Colorectal Cancer Diagnosis
Colorectal cancer is often found after symptoms appear, but most people with early colon or rectal cancer don’t have symptoms, which usually only develop with more advanced disease. This is why we recommend regular screening tests to detect the disease at an early stage when it’s easier to treat.
If your doctor finds something suspicious during a screening exam, or if you have any of the symptoms of colorectal cancer, he or she will take your medical history to check for symptoms and risk factors and will probably recommend exams and tests to find the cause. These tests may include a physical exam, such as feeling your abdomen; certain blood tests; and a colonoscopy.
If we suspect you may have colorectal cancer based on your initial exam and tests, our specialists will take a biopsy sample during a colonoscopy. In a biopsy, the doctor removes a small piece of tissue with a special instrument inserted through the rectum. One of the expert pathologists (doctors who specialize in diagnosing disease) at Memorial Sloan Kettering then examines the tissue sample under a microscope.
If your treatment team diagnoses you with colorectal cancer, the next critical step is figuring out the stage of the cancer, or how advanced it is. Staging helps us design a treatment plan that attacks your cancer in the most effective way possible. To determine the stage of your cancer, your team runs tests to figure out two things:
- how deep the cancer has spread through your colon
- whether the cancer has metastasized (spread) to other parts of your body
Your treatment team may recommend the following tests:
- CT, PET, and MRI scans to show if the cancer has metastasized to other organs
- chest x-ray to show if the cancer has metastasized to your lungs
- CEA blood tests to detect CEA, a protein that’s a marker for colorectal cancer
- angiography to locate blood vessels next to a cancer that has metastasized to the liver (knowing blood vessel location helps your surgeon minimize blood loss if you need surgery)

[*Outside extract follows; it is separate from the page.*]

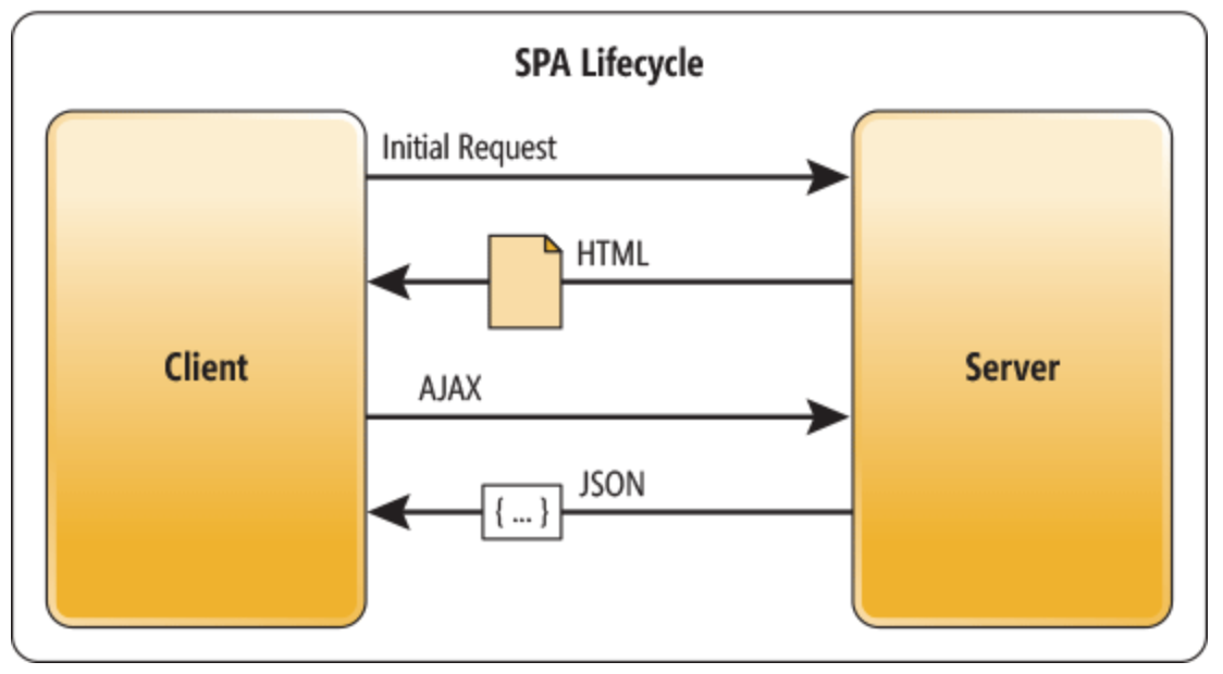 그러나 웹 사이트가 고도화됨에 따라, 한 페이지의 페이지 용량이 커지고, 매번 새로운 페이지를 전달하는게 점점 버거워지게 되었다. 그래서 어떤 웹 사이트의 전체 페이지를 하나의 페이지에 담아 동적으로 화면을 바꿔가며 표현하는 SPA가 등장한다.

- endorectal ultrasound probe to see how far a cancer has invaded the rectal wall (used only for determining the stage of rectal cancer)
Colorectal cancers can involve a number of different genetic mutations that cause normal cells to become cancerous. These changes in the genes, called somatic mutations, are found only in cancer cells. They are not found in your normal cells and they can’t be passed down to your children.
During the diagnostic process, pathologists at Memorial Sloan Kettering will do molecular testing on the tumor to detect somatic mutations. These mutations can indicate certain behaviors of the tumor and predict how it might react to certain treatments. Knowing as much as possible about the tumor’s genetic makeup can help your treatment team choose a plan of care that’s most likely to help you.
Your doctor will test biopsy samples for mutations in genes called EGFR, KRAS, and BRAF, which are common in colorectal cancer, as well as mutations in other less common genes. This advanced tool can look for multiple mutations at once and provide quicker results. It’s also more sensitive, allowing our pathologists to test biopsy samples that have fewer tumor cells.